[Data section Boundary: Start]

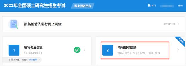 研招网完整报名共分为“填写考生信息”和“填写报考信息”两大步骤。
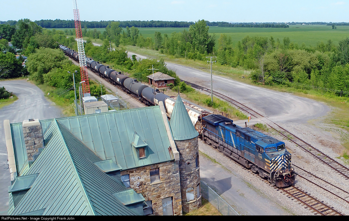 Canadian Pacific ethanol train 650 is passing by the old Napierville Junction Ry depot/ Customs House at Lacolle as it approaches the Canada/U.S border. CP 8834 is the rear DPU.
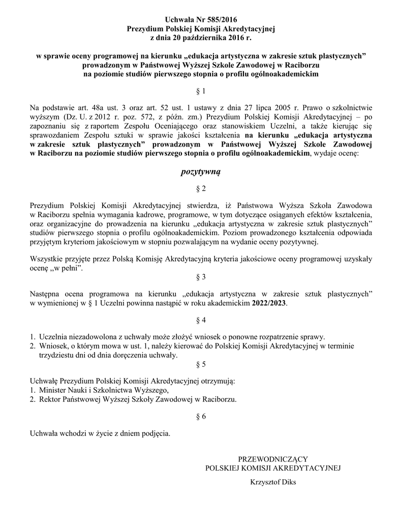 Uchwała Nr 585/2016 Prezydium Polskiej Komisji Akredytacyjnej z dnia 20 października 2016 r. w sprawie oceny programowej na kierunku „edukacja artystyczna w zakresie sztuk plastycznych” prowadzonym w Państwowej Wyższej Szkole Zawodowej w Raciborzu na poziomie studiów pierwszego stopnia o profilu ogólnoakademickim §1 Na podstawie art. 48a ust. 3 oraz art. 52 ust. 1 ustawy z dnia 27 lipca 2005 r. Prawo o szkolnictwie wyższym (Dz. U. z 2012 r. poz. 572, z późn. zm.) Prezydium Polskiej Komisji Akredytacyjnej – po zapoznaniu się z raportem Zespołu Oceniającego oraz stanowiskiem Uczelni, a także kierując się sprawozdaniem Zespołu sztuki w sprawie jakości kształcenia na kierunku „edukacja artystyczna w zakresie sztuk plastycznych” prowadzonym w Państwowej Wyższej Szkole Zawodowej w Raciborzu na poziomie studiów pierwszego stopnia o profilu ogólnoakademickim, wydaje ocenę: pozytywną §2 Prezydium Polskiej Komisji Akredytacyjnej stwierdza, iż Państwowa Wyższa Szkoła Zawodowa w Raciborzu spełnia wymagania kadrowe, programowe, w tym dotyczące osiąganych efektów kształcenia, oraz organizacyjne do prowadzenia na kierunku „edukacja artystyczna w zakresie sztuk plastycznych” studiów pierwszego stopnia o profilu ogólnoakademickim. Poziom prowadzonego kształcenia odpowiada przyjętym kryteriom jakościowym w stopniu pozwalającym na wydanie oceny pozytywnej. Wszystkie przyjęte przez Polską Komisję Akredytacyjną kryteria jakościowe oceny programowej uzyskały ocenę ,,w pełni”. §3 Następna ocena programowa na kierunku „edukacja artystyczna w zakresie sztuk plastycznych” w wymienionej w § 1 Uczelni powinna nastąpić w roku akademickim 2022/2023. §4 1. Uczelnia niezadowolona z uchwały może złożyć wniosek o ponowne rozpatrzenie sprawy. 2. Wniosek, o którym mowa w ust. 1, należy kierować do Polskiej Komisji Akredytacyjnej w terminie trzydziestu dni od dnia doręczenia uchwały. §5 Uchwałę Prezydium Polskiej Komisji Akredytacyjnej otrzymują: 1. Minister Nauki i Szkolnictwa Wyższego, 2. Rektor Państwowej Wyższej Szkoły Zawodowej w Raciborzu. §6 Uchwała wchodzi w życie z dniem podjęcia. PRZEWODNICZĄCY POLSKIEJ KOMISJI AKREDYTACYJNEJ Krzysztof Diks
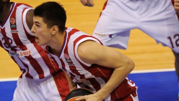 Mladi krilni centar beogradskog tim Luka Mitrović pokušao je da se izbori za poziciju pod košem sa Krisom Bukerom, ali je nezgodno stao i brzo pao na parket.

[Data section Boundary: End]

**Assigned task:** Output the listing exactly, without images.

**Final answer:**
 研招网完整报名共分为“填写考生信息”和“填写报考信息”两大步骤。
 Canadian Pacific ethanol train 650 is passing by the old Napierville Junction Ry depot/ Customs House at Lacolle as it approaches the Canada/U.S border. CP 8834 is the rear DPU.
 Uchwała Nr 585/2016 Prezydium Polskiej Komisji Akredytacyjnej z dnia 20 października 2016 r. w sprawie oceny programowej na kierunku „edukacja artystyczna w zakresie sztuk plastycznych” prowadzonym w Państwowej Wyższej Szkole Zawodowej w Raciborzu na poziomie studiów pierwszego stopnia o profilu ogólnoakademickim §1 Na podstawie art. 48a ust. 3 oraz art. 52 ust. 1 ustawy z dnia 27 lipca 2005 r. Prawo o szkolnictwie wyższym (Dz. U. z 2012 r. poz. 572, z późn. zm.) Prezydium Polskiej Komisji Akredytacyjnej – po zapoznaniu się z raportem Zespołu Oceniającego oraz stanowiskiem Uczelni, a także kierując się sprawozdaniem Zespołu sztuki w sprawie jakości kształcenia na kierunku „edukacja artystyczna w zakresie sztuk plastycznych” prowadzonym w Państwowej Wyższej Szkole Zawodowej w Raciborzu na poziomie studiów pierwszego stopnia o profilu ogólnoakademickim, wydaje ocenę: pozytywną §2 Prezydium Polskiej Komisji Akredytacyjnej stwierdza, iż Państwowa Wyższa Szkoła Zawodowa w Raciborzu spełnia wymagania kadrowe, programowe, w tym dotyczące osiąganych efektów kształcenia, oraz organizacyjne do prowadzenia na kierunku „edukacja artystyczna w zakresie sztuk plastycznych” studiów pierwszego stopnia o profilu ogólnoakademickim. Poziom prowadzonego kształcenia odpowiada przyjętym kryteriom jakościowym w stopniu pozwalającym na wydanie oceny pozytywnej. Wszystkie przyjęte przez Polską Komisję Akredytacyjną kryteria jakościowe oceny programowej uzyskały ocenę ,,w pełni”. §3 Następna ocena programowa na kierunku „edukacja artystyczna w zakresie sztuk plastycznych” w wymienionej w § 1 Uczelni powinna nastąpić w roku akademickim 2022/2023. §4 1. Uczelnia niezadowolona z uchwały może złożyć wniosek o ponowne rozpatrzenie sprawy. 2. Wniosek, o którym mowa w ust. 1, należy kierować do Polskiej Komisji Akredytacyjnej w terminie trzydziestu dni od dnia doręczenia uchwały. §5 Uchwałę Prezydium Polskiej Komisji Akredytacyjnej otrzymują: 1. Minister Nauki i Szkolnictwa Wyższego, 2. Rektor Państwowej Wyższej Szkoły Zawodowej w Raciborzu. §6 Uchwała wchodzi w życie z dniem podjęcia. PRZEWODNICZĄCY POLSKIEJ KOMISJI AKREDYTACYJNEJ Krzysztof Diks
 Mladi krilni centar beogradskog tim Luka Mitrović pokušao je da se izbori za poziciju pod košem sa Krisom Bukerom, ali je nezgodno stao i brzo pao na parket.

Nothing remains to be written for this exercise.